Start of SUPPLIED RECORDS
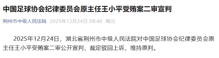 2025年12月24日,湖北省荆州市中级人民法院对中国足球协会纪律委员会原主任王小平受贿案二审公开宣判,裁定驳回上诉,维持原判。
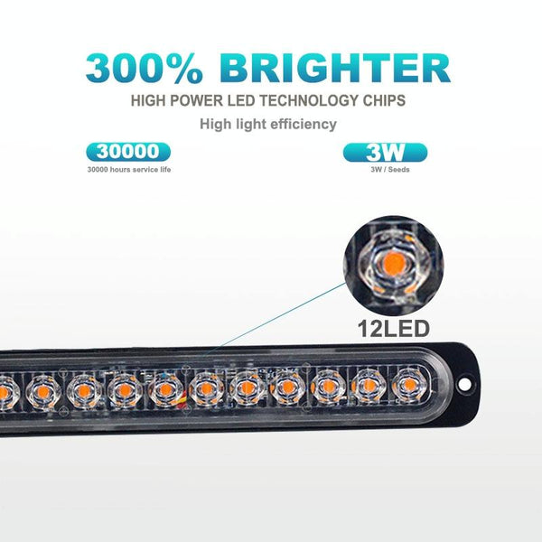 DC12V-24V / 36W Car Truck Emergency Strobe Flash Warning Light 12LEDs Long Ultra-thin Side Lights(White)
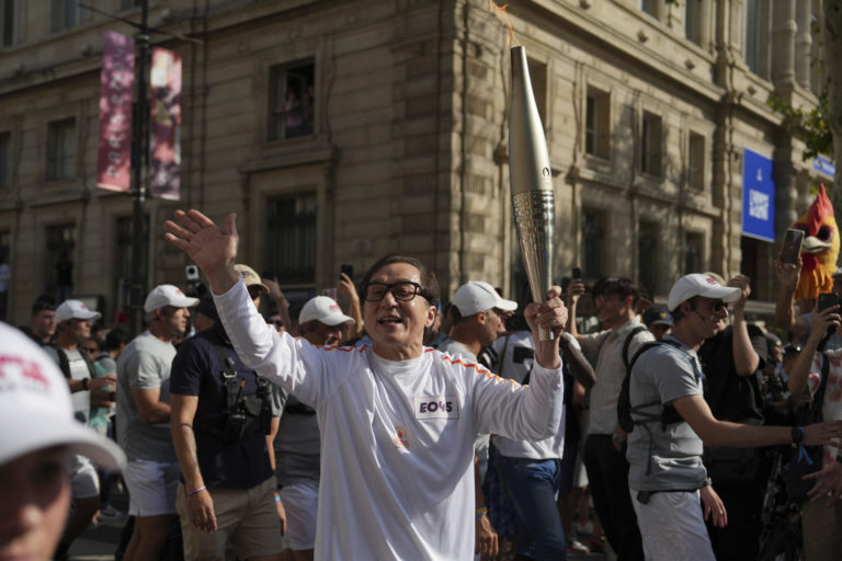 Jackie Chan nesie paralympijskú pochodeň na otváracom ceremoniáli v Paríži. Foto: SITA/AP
End of SUPPLIED RECORDS
Start of SUPPLIED RECORDS
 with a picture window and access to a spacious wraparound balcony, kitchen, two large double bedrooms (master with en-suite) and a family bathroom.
End of SUPPLIED RECORDS
__HOW TO COMPLETE THIS TASK__:
Extract, without any images, the part of the material above that opens with the line containing "2025年12月24日,湖北" and closes with the line containing "Jackie Chan nesie", both lines included.

__ANSWER SPACE__:
 2025年12月24日,湖北省荆州市中级人民法院对中国足球协会纪律委员会原主任王小平受贿案二审公开宣判,裁定驳回上诉,维持原判。
 DC12V-24V / 36W Car Truck Emergency Strobe Flash Warning Light 12LEDs Long Ultra-thin Side Lights(White)
 Jackie Chan nesie paralympijskú pochodeň na otváracom ceremoniáli v Paríži. Foto: SITA/AP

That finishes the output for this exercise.